Methods: We analyzed the LOs in the preclinical years of spiraled MD curriculum, using natural language processing (NLP) and the UMLS database to add semantic information, to determine the progression of analytical complexity and spiral curriculum design. The complete set of lecture-level LOs for the 2 years of preclinical teaching comprised 6086 unique LOs with 6612 sentences. To analyze progression over time, the LOs were grouped by teaching module in temporal order of delivery.

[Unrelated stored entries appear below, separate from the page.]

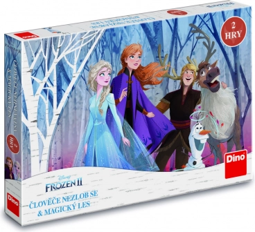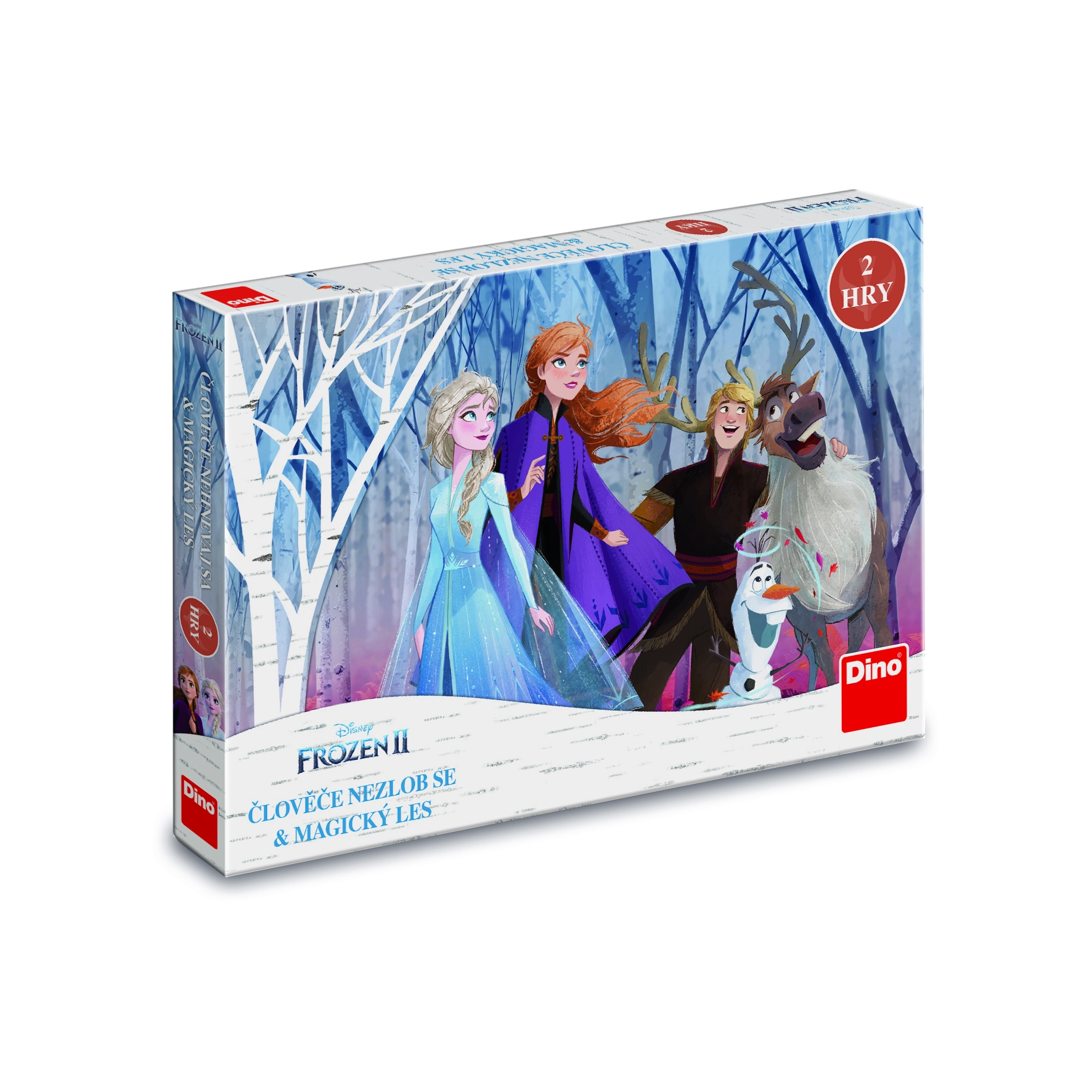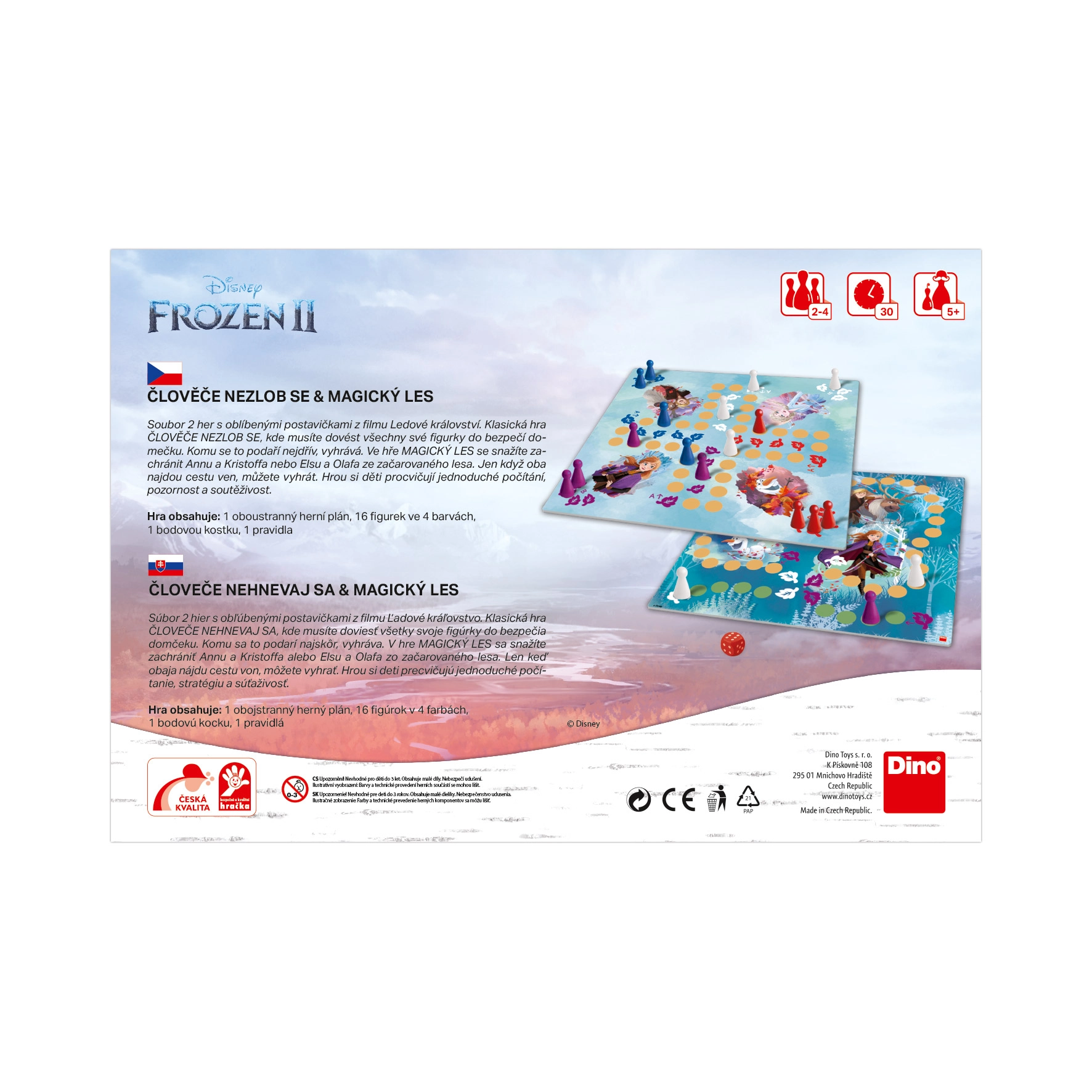 Dino FROZEN: Člověče, nezlob se a Magický les. Dvě hry v jednom, 2–4 hráči, od 5 let. Procvičuje počítání a logiku. Certifikace Bezpečná a kvalitní hračka.
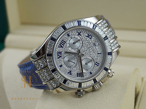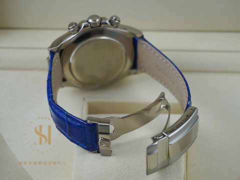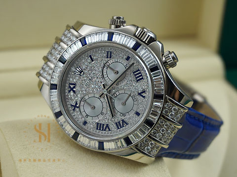 18K白金材質錶殼、摺疊扣、旋入式錶冠 / 原廠梯鑽、藍寶石外圈 / 羅馬數字時標 / 原廠滿天星鑽石面盤 / 替用藍色皮帶 / 藍寶石水晶玻璃 |
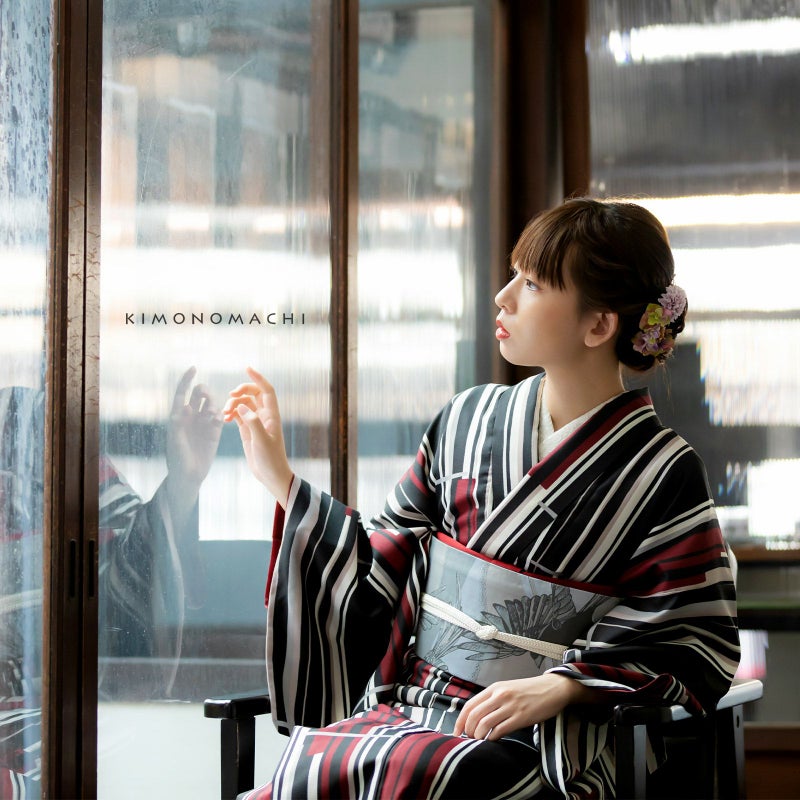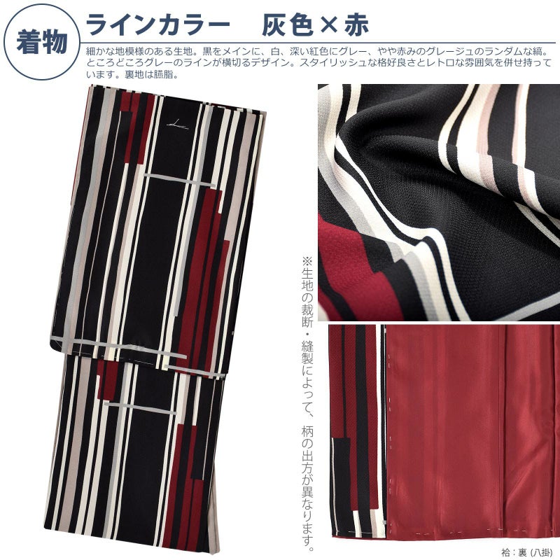 【色柄】細かな地模様のある生地。黒をメインに、白、深い紅色にグレー、やや赤みのグレージュのランダムな縞。ところどころグレーのラインが横切るデザイン。スタイリッシュな格好良さとレトロな雰囲気を併せ持っています。裏地は臙脂。
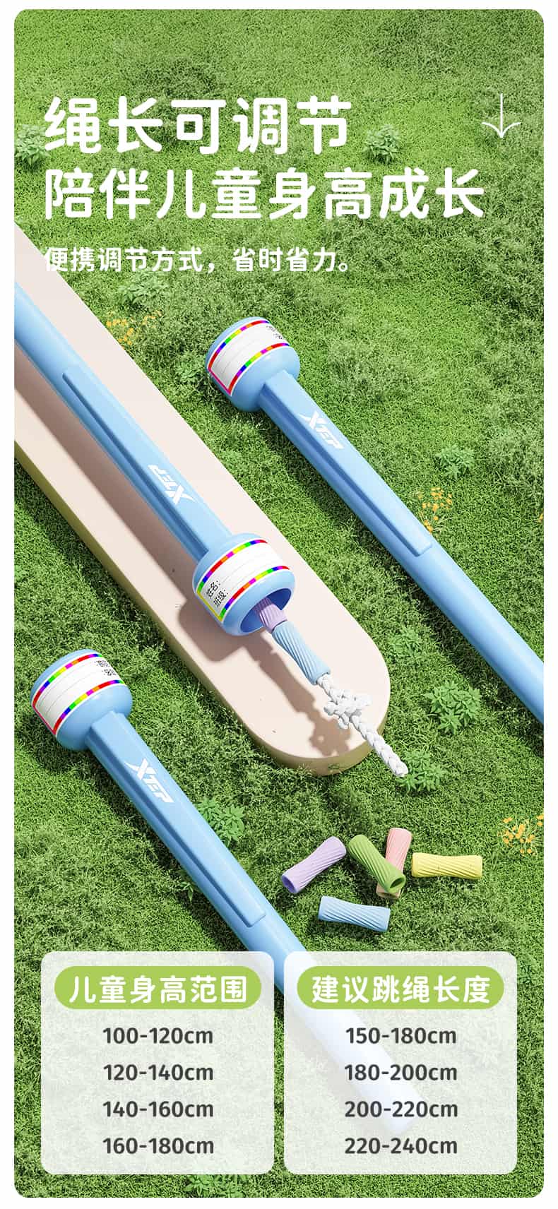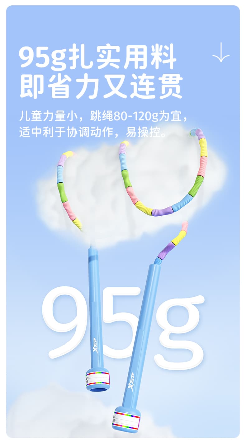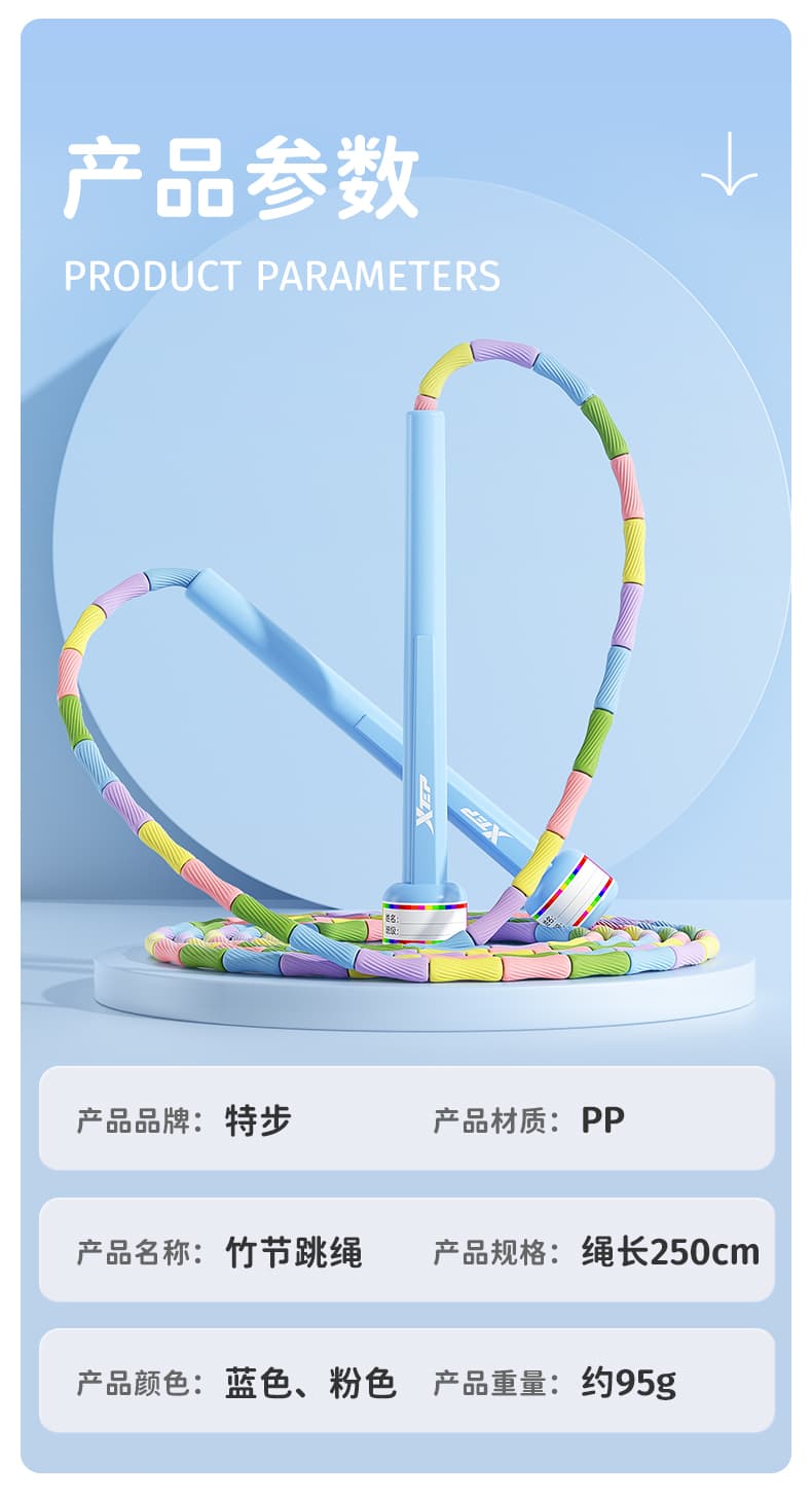 XTEP特步 儿童竹节跳绳 学生专用绳子不打结 AHA305 双色可选
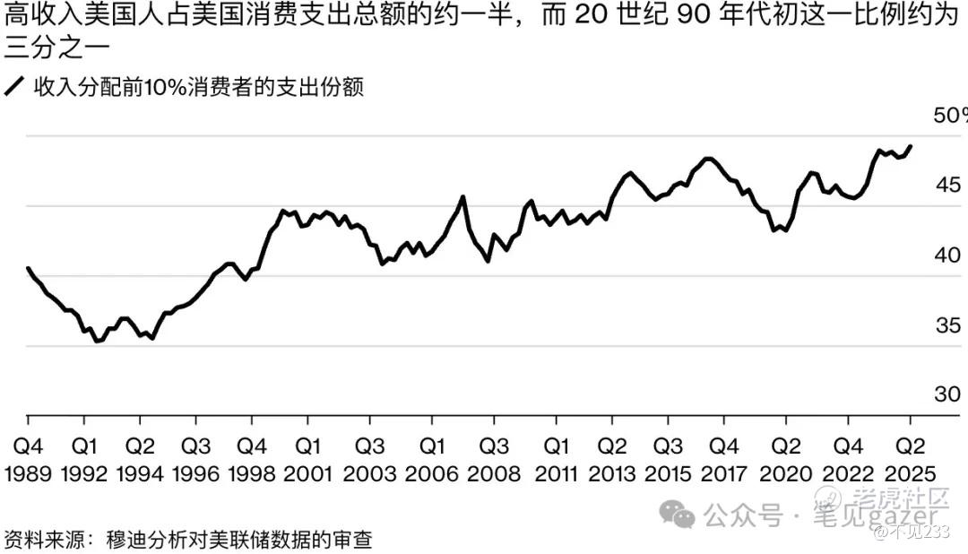 美股在消费市场的正反馈循环中,推动了多大的贫富差距?同时又推动多少财富效应?仅从消费来看,结合劳动力市场的”疲弱“,多少消费经济动力不是来自广义劳动力部门的名义工资收入(含实际通胀),而是依赖股票上涨维持?
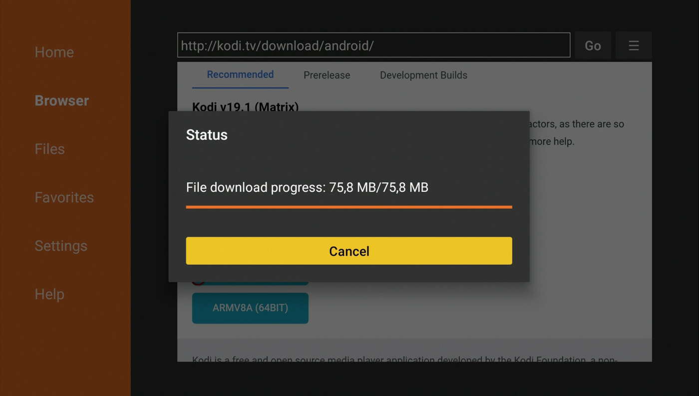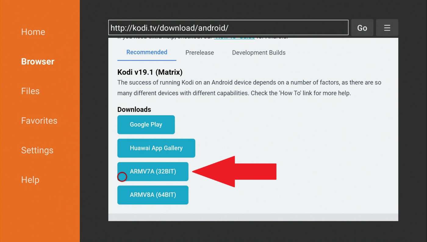 - Nel caso di Kodi, scendere in basso, posizionare il cursore sulla versione ARMV7A (32BIT) e premere OK;
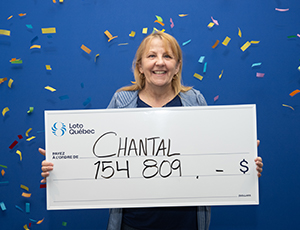 Chantal était seule lorsqu’elle a découvert qu’elle avait remporté le lot progressif du jeu Lucky Lily Keno. « Je sautais partout! », raconte-t-elle. Elle a aussitôt appelé son amie pour lui annoncer qu’elle venait de gagner 154 809 $!
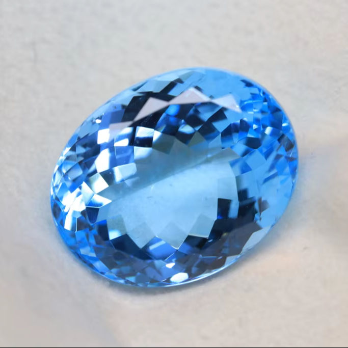พลอยบลูโทแพซสวิสทรงรีขนาด 7x5 มม. ทรงเหลี่ยมเจียระไนจากบราซิล สวยงามน่าดึงดูดใจ
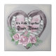 Wir reiten gemeinsam Herz Fliesen, Kleidung, T - Shirt, Geschenke von ArtMuvz Illustration. Ein Aquarellherz mit Rose und zwei Hufeisen, die mit einem Band verbunden sind. Fügen Sie Ihren Namen hinzu oder fügen Sie stattdessen Text hinzu. Passen Sie diese Kachel an, um sie einzigartig zu machen oder als personalisiertes Geschenk zu geben
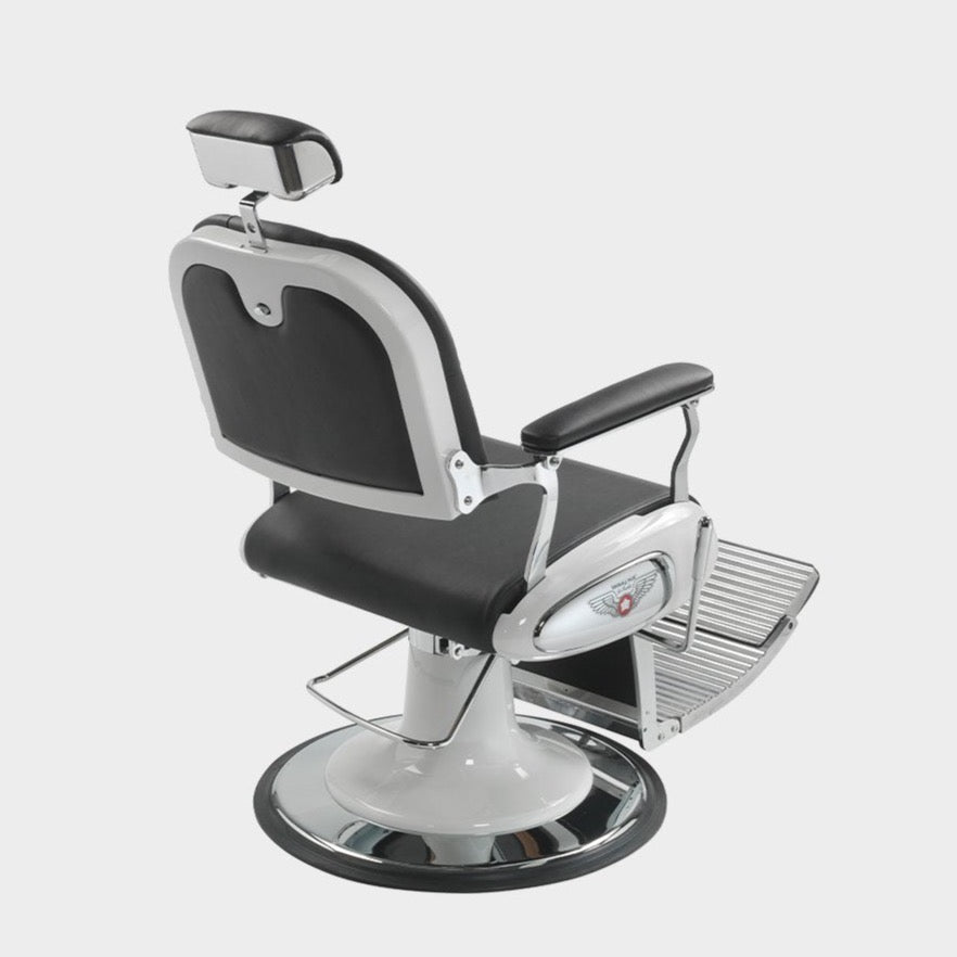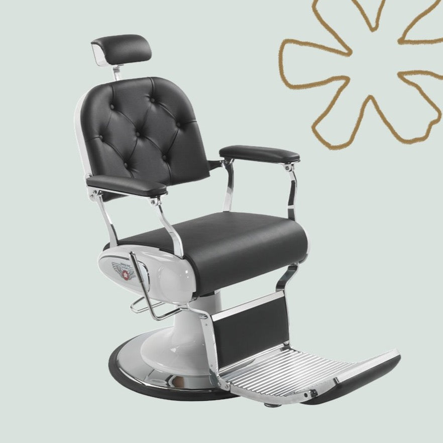This reclining, swivel barber chair features a meticulously crafted structure, skay upholstery and stylish topstitching. The armrests and padded seat offer amazing comfort, further enhanced by the headrest and a footrest complete with tipping tread plate. Metal details add the final touch, making the Elvis Flip barber chair an essential statement piece for every barber shop.

Results: Six thousand one hundred eighty-nine action verbs were extracted and assigned numerical scores according to Bloom's taxonomy. Bloom scores per module showed the use of increasingly complex action verbs as the curriculum progresses. Matching the LOs against the UMLS database yielded 6454 unique biomedical concepts. Scoring each concept as novel only on first appearance showed that the proportion of novel concepts decreases over time. Using the UMLS semantic tags, the proportion of disease-related concepts increased as the curriculum progressed.
Conclusions: To our knowledge, this is the first systematic NLP analysis of a medical school curriculum, incorporating standardized medical language dictionaries. The results show a clear progression of increasingly complex analytical tasks, and increasing clinical content, in the curriculum over time. Concepts are revisited as indicated by the decreasing proportion of novel concepts, supporting the design goals of a spiral curriculum. Curriculum evaluations can improve objectivity and depth via systematic parsing of large bodies of natural language information, like the lecture-level LO content analyzed here, as well as providing evidence for accreditation.